■ **Data extract**:
··········
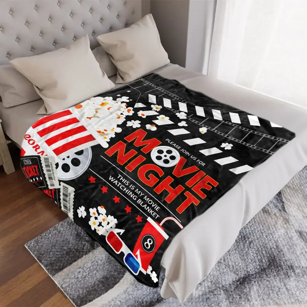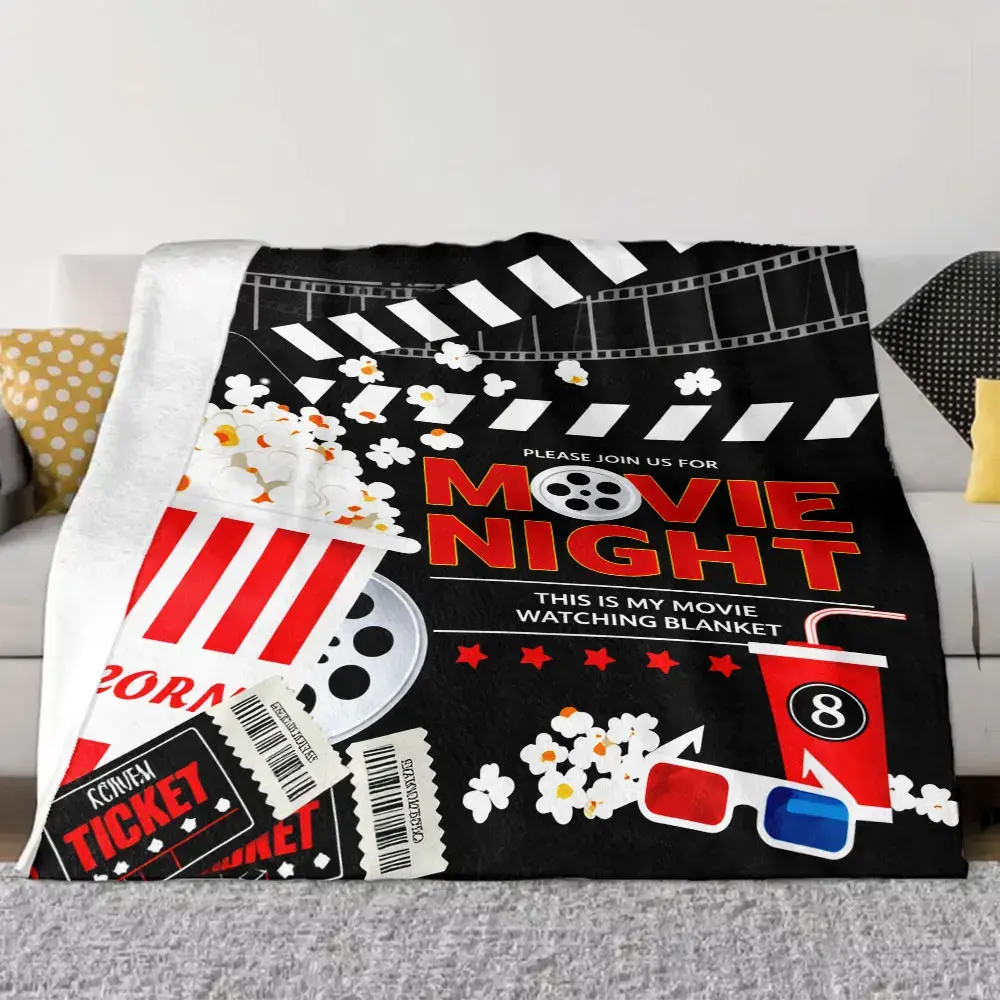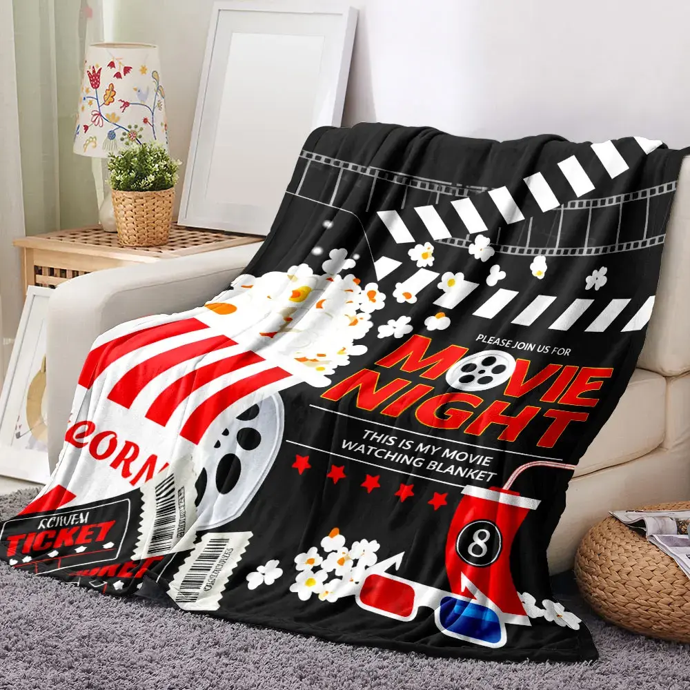 Movie Night Popcorn Film Print Flannel Blanket Cooling Blanket Homegoods Soft Cozy For Bedroom Living Room For Movie Lovers Family Perfect Gift
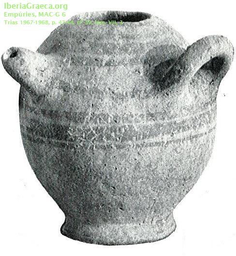 Uso secundario : Ajuar funerario? Observaciones : Según TRIAS 1967-68, también podría ser una imitación local. No es segura su procedencia de una necrópolis. Autor: Pol Carreras (CIG) Supervisor: Xavier Aquilué (CIG) Fecha: 25-02-2014 |
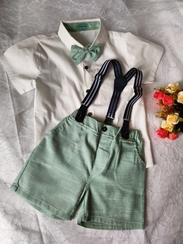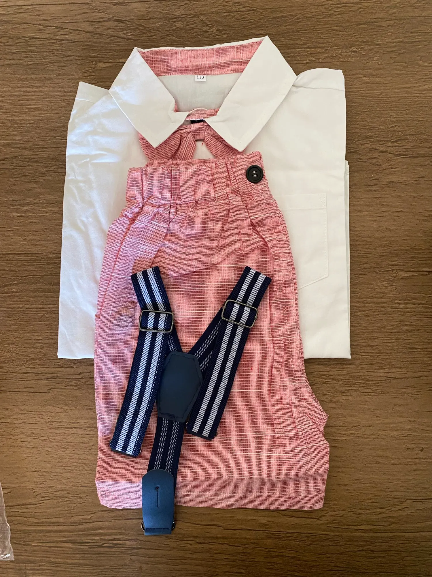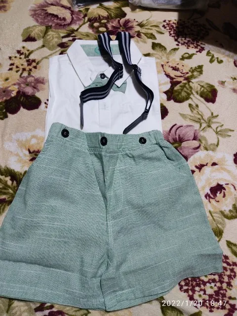 Наряд для джентльмена Отличный летний костюм. Шорты выполнены из льна, имеют карманы, на эластичной резинке. Рубашка хлопковая, со стильными пуговицами и милой бабочкой из льна. Качество шикарное, пошив отличный, швы ровные посторонних ниток нет. Размер взяла 130, размерный ряд продавца соответствует. В комплекте идут подтяжки с эластичной резинкой, отлично дополнят образ стиляги Доставка заняла 10 дней, рекомендую Топ и топ, летний детский официальный костюм для маленьких мальчиков, рубашка с коротким рукавом + брюки на бретелях, повседневная одежда, наряд для джентльмена, комплект из 2 предметов
··········
The lines wanted run from the first one in the material above through the line containing "Uso secundario : Ajuar"; give them again exactly, leaving out the pictures.

 Movie Night Popcorn Film Print Flannel Blanket Cooling Blanket Homegoods Soft Cozy For Bedroom Living Room For Movie Lovers Family Perfect Gift
 Uso secundario : Ajuar funerario? Observaciones : Según TRIAS 1967-68, también podría ser una imitación local. No es segura su procedencia de una necrópolis. Autor: Pol Carreras (CIG) Supervisor: Xavier Aquilué (CIG) Fecha: 25-02-2014 |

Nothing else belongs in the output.